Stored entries
====

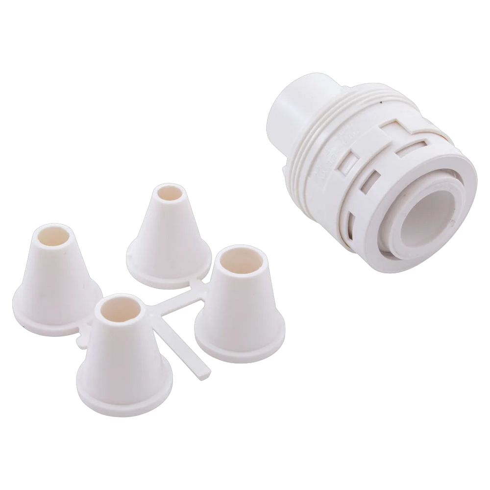 The Waterway 210-8750 is a Monster Poly Jet Internal nozzle designed for spa applications. It features a caged-style construction with orifice sizes ranging from 5/16" to 1/2". This white spa jet internal part is suitable for a broad range of spa systems, enhancing hydrotherapy with a strong, directional water flow.
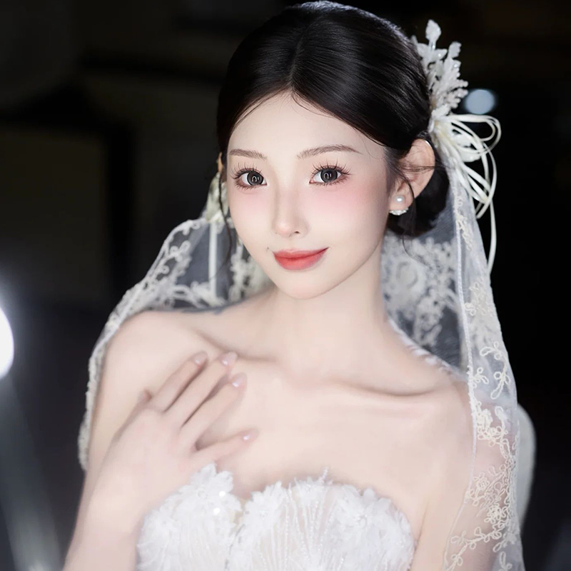 法式复古蕾丝蝴蝶结花边头纱婚纱结婚高级新娘头饰造型旅拍拍照
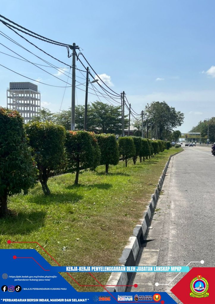 Jabatan Landskap Majlis Perbandaran Kubang Pasu (MPKP) terus komited dalam memastikan keindahan dan keceriaan kawasan persekitaran bandar sentiasa terjaga melalui kerja-kerja penyelenggaraan yang berkala. Berdasarkan tinjauan baru-baru ini, kakitangan MPKP sedang giat menjalankan aktiviti pemangkasan pokok hiasan serta pembersihan kawasan pembahagi jalan dan bahu jalan di sekitar kawasan pentadbiran. Usaha ini bukan sahaja bertujuan untuk mengekalkan nilai estetika bandar, malah penting bagi memastikan keselamatan pengguna jalan raya terjamin dengan memastikan pandangan tidak terhalang oleh dahan atau semak yang tidak terurus.
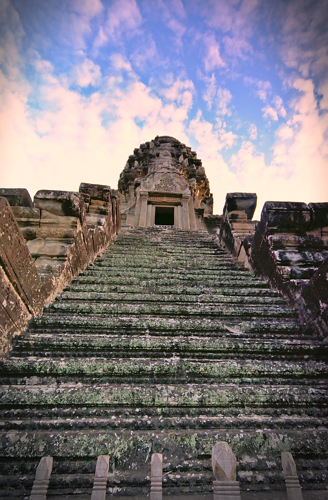 We then took the western stairway down only to be mobbed by an arriving Asian tour group. The stairs had no railing and was quite steep and I was afraid of being knocked over by the eager tourists. I sat down right on the stairs to let them pass before heading back down for a bottle of refreshing cold water in the tuk -tuk.
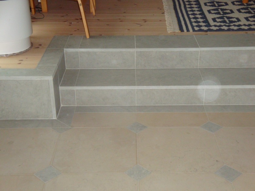 Para este projeto de moradia na Suécia os pavimentos comuns foram escolhidos no calcário português Porto Blue e no arenito espanhol Bateig Azul.
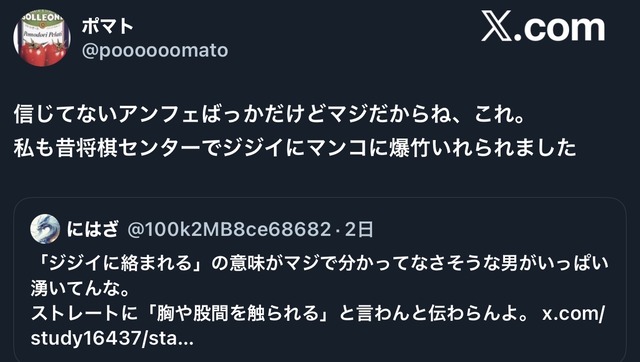 【悲報】X女さんが受けた将棋ジジイからの嫌がらせ、ガチでエグすぎるwww
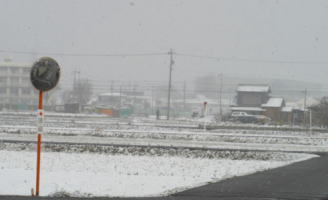 アスファルトの道路は、もう雪が溶けていますが、田んぼは真っ白

====

Give the entries back verbatim and omit the images.

Output for this exercise:
 The Waterway 210-8750 is a Monster Poly Jet Internal nozzle designed for spa applications. It features a caged-style construction with orifice sizes ranging from 5/16" to 1/2". This white spa jet internal part is suitable for a broad range of spa systems, enhancing hydrotherapy with a strong, directional water flow.
 法式复古蕾丝蝴蝶结花边头纱婚纱结婚高级新娘头饰造型旅拍拍照
 Jabatan Landskap Majlis Perbandaran Kubang Pasu (MPKP) terus komited dalam memastikan keindahan dan keceriaan kawasan persekitaran bandar sentiasa terjaga melalui kerja-kerja penyelenggaraan yang berkala. Berdasarkan tinjauan baru-baru ini, kakitangan MPKP sedang giat menjalankan aktiviti pemangkasan pokok hiasan serta pembersihan kawasan pembahagi jalan dan bahu jalan di sekitar kawasan pentadbiran. Usaha ini bukan sahaja bertujuan untuk mengekalkan nilai estetika bandar, malah penting bagi memastikan keselamatan pengguna jalan raya terjamin dengan memastikan pandangan tidak terhalang oleh dahan atau semak yang tidak terurus.
 We then took the western stairway down only to be mobbed by an arriving Asian tour group. The stairs had no railing and was quite steep and I was afraid of being knocked over by the eager tourists. I sat down right on the stairs to let them pass before heading back down for a bottle of refreshing cold water in the tuk -tuk.
 Para este projeto de moradia na Suécia os pavimentos comuns foram escolhidos no calcário português Porto Blue e no arenito espanhol Bateig Azul.
 【悲報】X女さんが受けた将棋ジジイからの嫌がらせ、ガチでエグすぎるwww
 アスファルトの道路は、もう雪が溶けていますが、田んぼは真っ白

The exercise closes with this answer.